Low Level Snacks (Anytime of Day) 

Strawberry Fluff

Shawarma Chickpeas

Butternut Squash Falafel

Extra Zero Level Snacks here

Go to the WW app or web site to entry the recipe builder and monitor your day by day meals consumption and factors. 
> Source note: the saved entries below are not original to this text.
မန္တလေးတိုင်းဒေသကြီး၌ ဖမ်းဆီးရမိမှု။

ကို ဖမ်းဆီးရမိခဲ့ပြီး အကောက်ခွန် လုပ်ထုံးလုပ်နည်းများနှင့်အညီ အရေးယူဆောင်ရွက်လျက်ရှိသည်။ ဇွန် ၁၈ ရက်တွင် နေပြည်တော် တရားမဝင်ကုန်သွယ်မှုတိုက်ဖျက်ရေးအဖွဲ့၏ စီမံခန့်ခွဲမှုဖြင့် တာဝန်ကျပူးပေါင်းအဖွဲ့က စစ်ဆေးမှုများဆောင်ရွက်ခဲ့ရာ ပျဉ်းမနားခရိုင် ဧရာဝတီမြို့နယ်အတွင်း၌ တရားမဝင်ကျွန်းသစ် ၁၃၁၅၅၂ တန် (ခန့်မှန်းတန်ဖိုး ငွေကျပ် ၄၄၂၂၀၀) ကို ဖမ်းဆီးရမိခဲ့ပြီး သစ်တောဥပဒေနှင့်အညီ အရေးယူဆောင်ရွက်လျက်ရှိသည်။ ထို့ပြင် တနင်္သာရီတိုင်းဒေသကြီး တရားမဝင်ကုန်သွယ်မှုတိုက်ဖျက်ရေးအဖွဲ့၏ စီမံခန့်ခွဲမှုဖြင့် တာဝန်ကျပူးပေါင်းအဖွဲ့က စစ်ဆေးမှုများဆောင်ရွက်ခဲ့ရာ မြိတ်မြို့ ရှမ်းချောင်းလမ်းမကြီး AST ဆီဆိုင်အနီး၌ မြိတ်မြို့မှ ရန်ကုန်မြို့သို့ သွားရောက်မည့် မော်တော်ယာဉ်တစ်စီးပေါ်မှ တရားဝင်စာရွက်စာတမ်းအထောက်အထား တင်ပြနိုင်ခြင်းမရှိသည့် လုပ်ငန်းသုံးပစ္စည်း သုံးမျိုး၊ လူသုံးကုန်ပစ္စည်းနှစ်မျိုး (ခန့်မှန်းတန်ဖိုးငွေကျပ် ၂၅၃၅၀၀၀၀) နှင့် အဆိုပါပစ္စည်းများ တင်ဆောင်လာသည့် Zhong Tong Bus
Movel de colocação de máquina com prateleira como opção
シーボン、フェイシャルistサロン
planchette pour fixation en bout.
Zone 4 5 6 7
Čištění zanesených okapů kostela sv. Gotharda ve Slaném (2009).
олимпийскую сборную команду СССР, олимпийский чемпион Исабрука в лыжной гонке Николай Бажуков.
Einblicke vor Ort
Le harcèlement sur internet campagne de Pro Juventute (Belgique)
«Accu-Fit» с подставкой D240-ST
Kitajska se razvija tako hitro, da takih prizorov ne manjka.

Ideas for Simple and Environment friendly Prep: 

  1. Spend money on high quality storage containers. Having a set of dependable, reusable storage containers in varied sizes could make an enormous distinction in your meal prep routine. Search for containers which might be microwave-safe, dishwasher-friendly, and leak-proof to make sure your meals keep contemporary and are simple to move.
  2. Embrace batch cooking. Put together bigger portions of staple substances like grains, proteins, and sauces that can be utilized in a number of meals all through the week. This strategy saves time and lets you combine and match parts to create numerous, satisfying meals.
  3. Make the most of your freezer. Profit from your freezer house by making ready freezer-friendly meals or substances upfront. Soups, stews, casseroles, and cooked grains or proteins can all be frozen and reheated for fast, handy meals whenever you’re brief on time.

Obtain this PDF to dive into per week of mouthwatering recipes that show wholesome consuming could be each scrumptious and festive.